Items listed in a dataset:
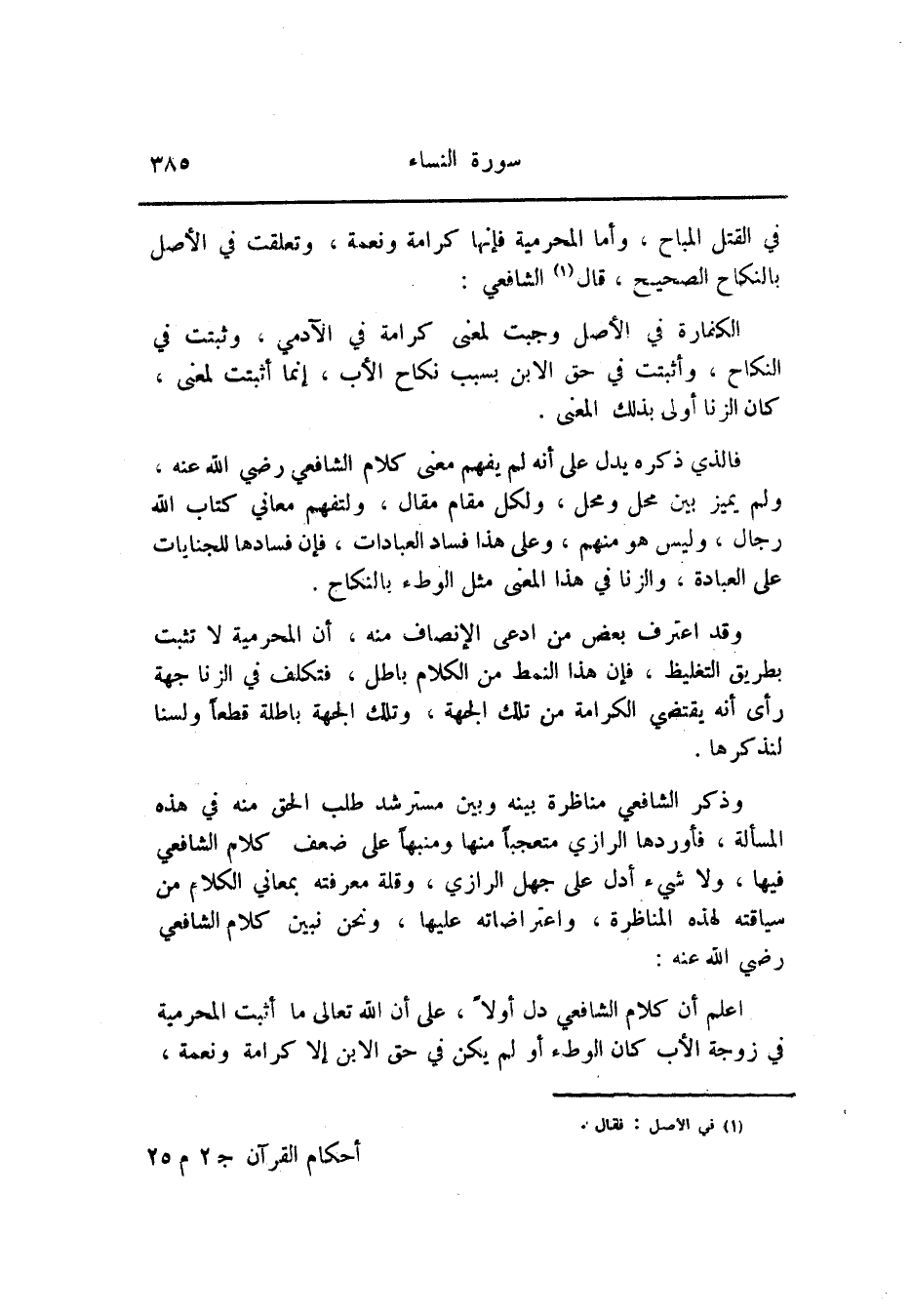 وذكر الشافعي مناظرة بينه وبين مسترشد طلب الحق منه في هذه المسألة، فأوردها الرازي متعجبا منها ومنبها على ضعف كلام الشافعي فيها، ولا شيء أدل على جهل الرازي، وقلة معرفته بمعاني الكلام من سياقته لهذه المناظرة، واعتراضاته عليها، ونحن نبين كلام الشافعي رضي الله عنه:
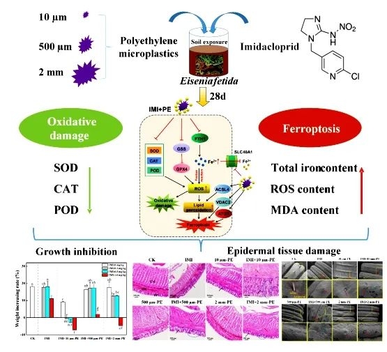 结果表明,与单独暴露相比,二者复合污染对蚯蚓产生更显著的毒性效应,导致蚯蚓体重降低、产生严重的表皮损伤和氧化损伤,并激活铁死亡通路;这种复合毒性效应与微塑料在土壤中分布尺寸相关,小尺寸的复合污染暴露导致更强的毒性效应。
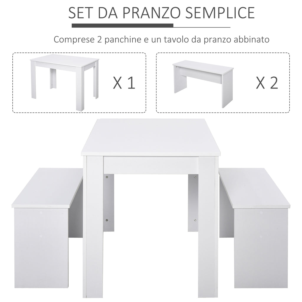 Ensemble table et 2 bancs de salle à manger en aggloméré blanc
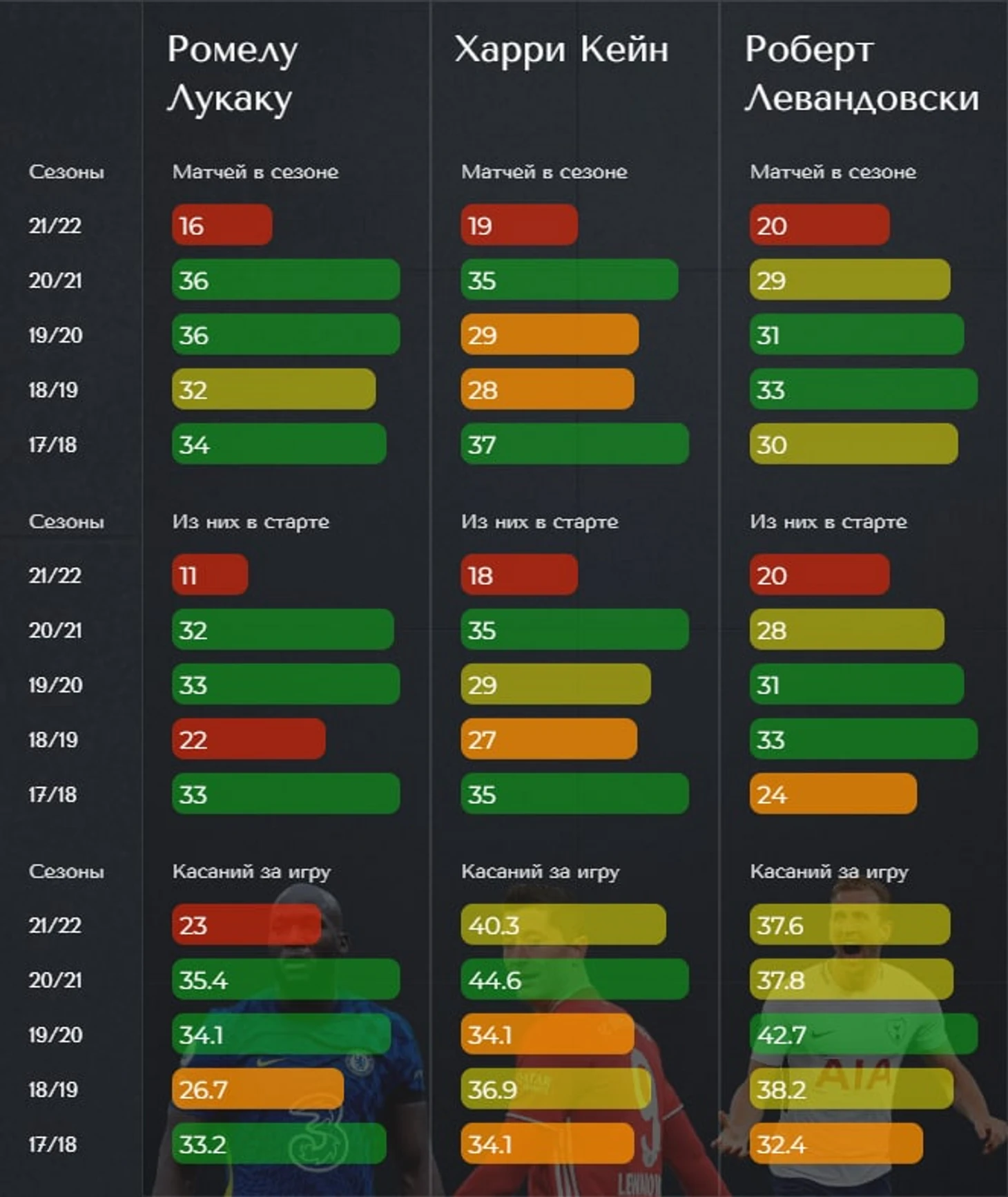1. Лукаку довольно стабилен в выступлениях, соответственно, травмы его не очень сильно мучают и он имеет доверие от тренеров.
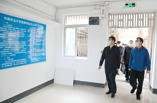 214日上午,广东省教育厅二级巡视员邱克楠、学生就业创业处处长周昭国一行来乐竞在线注册督导检查校园疫情防控工作和高校健康驿站建设工作。乐竞在线注册党委副书记邓国安、学校疫情防控领导小组办公室成员单位负责人陪同检查。
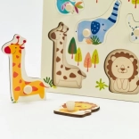 Ce puzzle en bois est un choix idéal pour les enfants qui commencent à découvrir le monde des animaux. Grâce aux boutons pour une prise facile et à sa construction solide, c'est un excellent outil pour le développement de la motricité et des capacités de discrimination chez les enfants à partir de 18 mois.
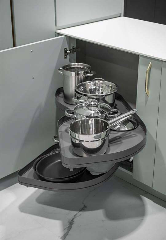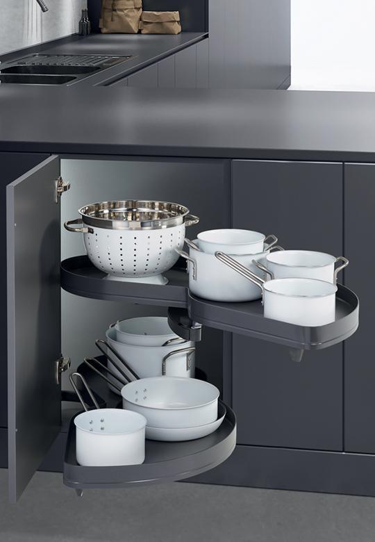 LeMans II to system meblowy, w którym dwie ruchome półki wysuwają się całkowicie z szafki, zapewniając łatwy i ergonomiczny dostęp do kuchennych akcesoriów. Wystarczy otworzyć front pod kątem 85°.
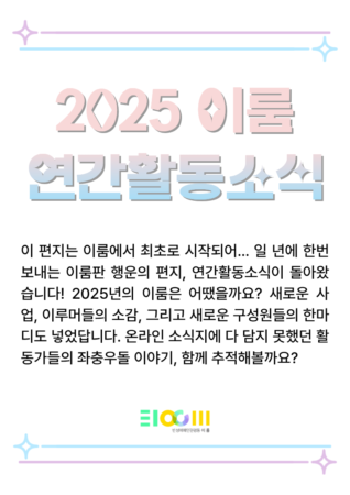 26년 이룸이 펼쳐 갈 활동을 심의하고, 임원을 선출할 이번 총회에서 회원분들과 반가운 인사를 나눌 수 있기를 기대합니다!
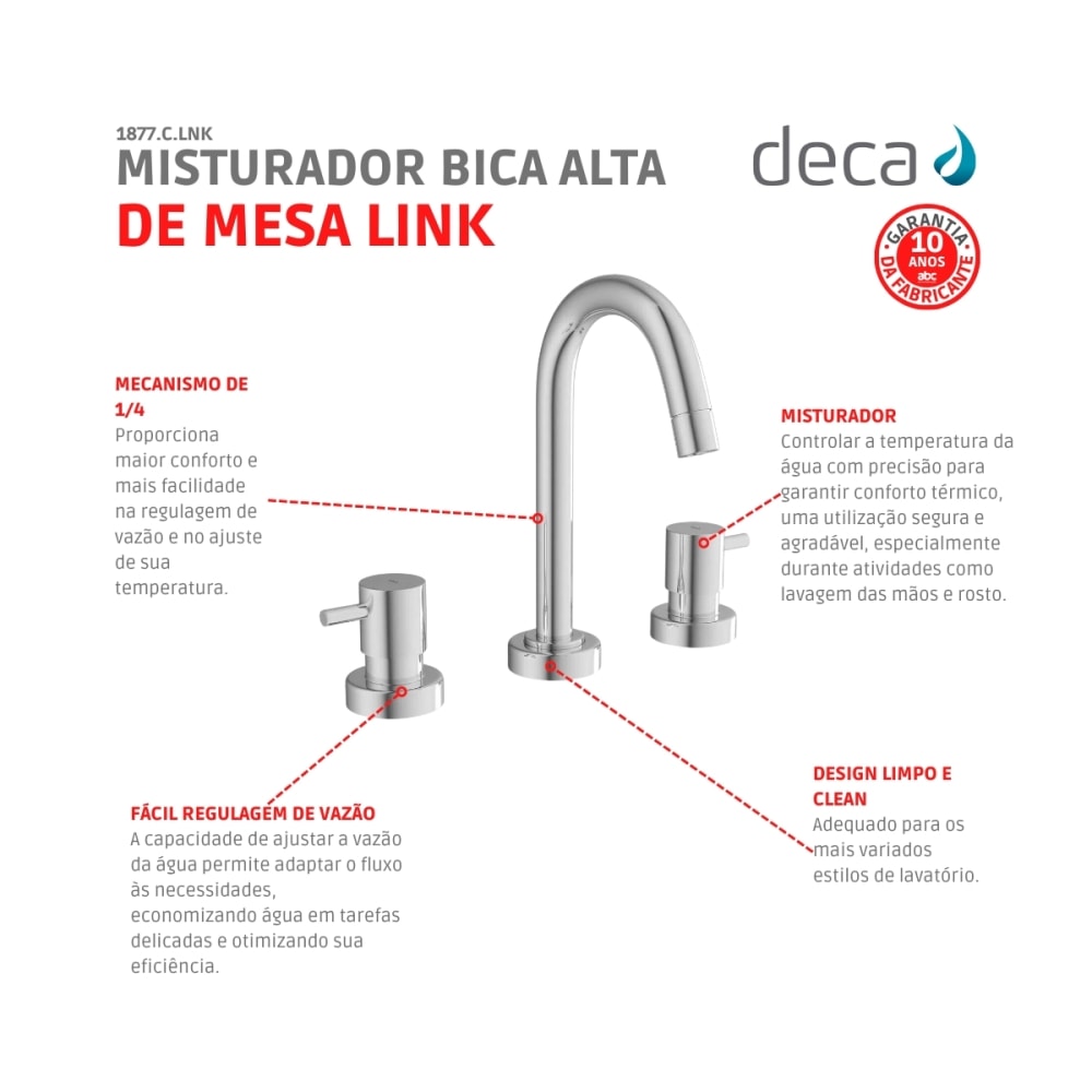 A linha Link é marcada pela combinação da funcionalidade com o design neutro e atemporal. O resultado; é uma linha versátil e elegante; adaptável aos mais diferentes ambientes. Esta linha conta com produtos incríveis! Resistente aos mais variados fatores e impactos presentes em ambientes como o banheiro, o item ainda possui a presença de um arejador. Esse mecanismo é capaz de economizar água ao alterar o volume da vazão sem danos para a intensidade do jato. Por fim, a bica alta é ideal para cubas de apoio ou de sobrepor.
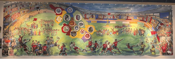 其二,是江苏城市精神与文体精神的集中彰显。画作中 13 支球队的队标与江苏省地图呼应,展现了江苏 “十三市联动” 的文体格局;泰州 11 号的倒挂金钩、镇江 47 号的英勇挡球,刻画的是 “拼搏不服输” 的文体精神;米卢观赛、球迷助威的场景,则传递出江苏对足球运动的热爱与包容。这些元素共同勾勒出江苏 “崇文尚武” 的城市气质,让画作成为展现江苏地域文化的 “视觉名片”。
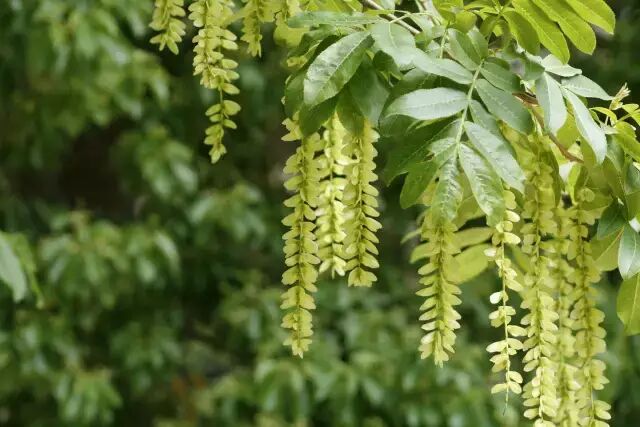 第三,如果能看到山核桃果实的“完全体”,那么你肯定不会和胡桃弄混——相比于胡桃光滑、黄绿色的肉质外果皮,山核桃的外果皮黄色、干燥,并且有4个明显的棱。
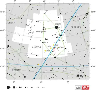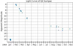 QZ Aurigae, also known as Nova Aurigae 1964, was a nova which occurred in the constellation Auriga during 1964. It was discovered by Nicholas Sanduleak on an objective prism photographic plate taken at the Warner and Swasey Observatory on 4 November 1964.[5] Examination of pre-discovery plates from Sonneberg Observatory showed that the eruption occurred in early February 1964, and it had a photographic magnitude of 6.0 on 14 February 1964. Its brightness declined in images taken after the 14th, suggesting that its peak brightness was above 6.0.[6] It was probably visible to the naked eye for a short time.

▸ **HOW TO COMPLETE THIS TASK**:
Here the job is to retype exactly the lines that start at the one containing "其二,是江苏城市精神与文体精神的集中彰显。画作中 13 支球队的队标与江苏省地图呼应,展现了江苏" and run through the end of the records above, leaving out pictures.

▸ **EXERCISE SOLUTION**:
 其二,是江苏城市精神与文体精神的集中彰显。画作中 13 支球队的队标与江苏省地图呼应,展现了江苏 “十三市联动” 的文体格局;泰州 11 号的倒挂金钩、镇江 47 号的英勇挡球,刻画的是 “拼搏不服输” 的文体精神;米卢观赛、球迷助威的场景,则传递出江苏对足球运动的热爱与包容。这些元素共同勾勒出江苏 “崇文尚武” 的城市气质,让画作成为展现江苏地域文化的 “视觉名片”。
 第三,如果能看到山核桃果实的“完全体”,那么你肯定不会和胡桃弄混——相比于胡桃光滑、黄绿色的肉质外果皮,山核桃的外果皮黄色、干燥,并且有4个明显的棱。
 QZ Aurigae, also known as Nova Aurigae 1964, was a nova which occurred in the constellation Auriga during 1964. It was discovered by Nicholas Sanduleak on an objective prism photographic plate taken at the Warner and Swasey Observatory on 4 November 1964.[5] Examination of pre-discovery plates from Sonneberg Observatory showed that the eruption occurred in early February 1964, and it had a photographic magnitude of 6.0 on 14 February 1964. Its brightness declined in images taken after the 14th, suggesting that its peak brightness was above 6.0.[6] It was probably visible to the naked eye for a short time.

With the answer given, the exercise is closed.